417. Use the arrangement described below: \(\mathrm{Li}\) is placed in period \(2\), group \(1\); \(\mathrm{Be}\) in period \(2\), group \(2\); \(\mathrm{Mg}\) in period \(3\), group \(2\); and \(\mathrm{Al}\) in period \(3\), group \(13\). The diagonal pairs in this arrangement are
ⓐ. \(\mathrm{Li}\)-\(\mathrm{Mg}\) and \(\mathrm{Be}\)-\(\mathrm{Al}\)
ⓑ. \(\mathrm{Li}\)-\(\mathrm{Be}\) and \(\mathrm{Mg}\)-\(\mathrm{Al}\)
ⓒ. \(\mathrm{Li}\)-\(\mathrm{Al}\) and \(\mathrm{Be}\)-\(\mathrm{Mg}\)
ⓓ. \(\mathrm{Mg}\)-\(\mathrm{Be}\) only
Correct Answer: \(\mathrm{Li}\)-\(\mathrm{Mg}\) and \(\mathrm{Be}\)-\(\mathrm{Al}\)
Explanation: A diagonal pair is formed when the second element is one period lower and one group to the right in the relevant early-table region. From \(\mathrm{Li}\), moving diagonally down-right gives \(\mathrm{Mg}\). From \(\mathrm{Be}\), moving diagonally down-right gives \(\mathrm{Al}\). Horizontal pairs such as \(\mathrm{Li}\)-\(\mathrm{Be}\) are period neighbours, not diagonal relationships. The arrangement must be read by both row and column movement.
418. The similarity in diagonal pairs such as \(\mathrm{Li}\)-\(\mathrm{Mg}\) is commonly explained by comparable
ⓐ. identical atomic number
ⓑ. charge/radius ratio and polarizing power
ⓒ. identical number of occupied shells
ⓓ. complete noble-gas configuration in the neutral atoms
Correct Answer: charge/radius ratio and polarizing power
Explanation: Diagonal relationship is not based on identical atomic number or identical shell number.
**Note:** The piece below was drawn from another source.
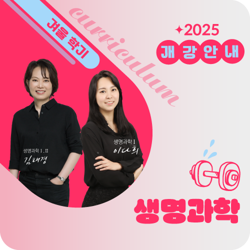 안녕하세요! 짜나에요 이번 주부터 예비(고2) 생명과학 개강으로 잠깐 소개해 드리겠습니다. 올해 예비고2부터 새로운 교육과정이 적용됩니다. 직전 교육 과정에서 생명과학은 여름부터가 진짜다! 라는 말이 있습니다. 기존 교육 과정에서는 여름부터 유전이 시작되기 때문이에요. 개정 교육 과정에서 생명과학은 '진로선택'과목인 '생물의 유전'에 모든 난도가 집중되어 있어요. 그렇다고 해서 나머지가 무작정 쉽다는 건 아니지만, 나머지 과목에 비해 극강의 난도를 가지고 있다는 뜻이에요. 해서, 전체 학습 커리큘럼을 세우기 위해 개정 교육과정 생명과학 전 과목에 대한 안내를 진행해 볼까 해요. 자!~ 지금부터 나오....... <img src="https://blogthumb.pstatic.net/MjAyNTEyMTZfMTE2/MDAxNzY1ODY0ODAxMTg4.3AN44qemBUVAvZJyWKrJ3A28sdEL-9yTDeSL159d8Awg.Ln4N07shdwgckJJ45IaySxtkRFeLAhoOPzP4hRKpcIQg.PNG/2025%B0%B3%B0%AD.png?type=s3" />

It is often explained by a balance between increasing size down a group and increasing charge or different effective attraction across a period. This can produce comparable charge/radius ratio and polarizing power in certain diagonal pairs. Similar polarizing power can make some compounds show related behaviour. The similarity is partial and specific, not a claim that the two elements are chemically identical.
419. A claim says, “Diagonal relationship is just the same as group similarity.” The best correction is that diagonal relationship
ⓐ. compares only isotopes of the same element
ⓑ. requires both elements to have the same group number
ⓒ. compares certain diagonally adjacent elements whose properties become similar due to balancing periodic trends
ⓓ. is based only on atomic mass equality
Correct Answer: compares certain diagonally adjacent elements whose properties become similar due to balancing periodic trends
Explanation: Same-group similarity comes from similar valence-shell configurations in a vertical column. Diagonal relationship is different because the elements are in adjacent periods and neighbouring groups. In early periodic-table regions, changes in size, electronegativity, and charge density can balance in a way that creates partial similarity. Examples include \(\mathrm{Li}\)-\(\mathrm{Mg}\) and \(\mathrm{Be}\)-\(\mathrm{Al}\). The relationship should be treated as a special comparison, not as a replacement for group trends.
420. Assertion: \(\mathrm{Be}\) and \(\mathrm{Al}\) show diagonal relationship.
Reason: They have exactly the same electronic configuration and the same atomic number.
ⓐ. Both Assertion and Reason are true, and Reason explains Assertion
ⓑ. Assertion is true, but Reason is false
ⓒ. Both Assertion and Reason are true, but Reason does not explain Assertion
ⓓ. Assertion is false, but Reason is true
Correct Answer: Assertion is true, but Reason is false
Explanation: \(\mathrm{Be}\) and \(\mathrm{Al}\) are a standard diagonal pair in the periodic table. Their similarity is linked with comparable charge density, polarizing power, and some related compound behaviour. The Reason is false because \(\mathrm{Be}\) and \(\mathrm{Al}\) do not have the same atomic number or the same electronic configuration. Diagonal relationship never requires element identity. It is a partial similarity produced by balancing trends across a period and down a group.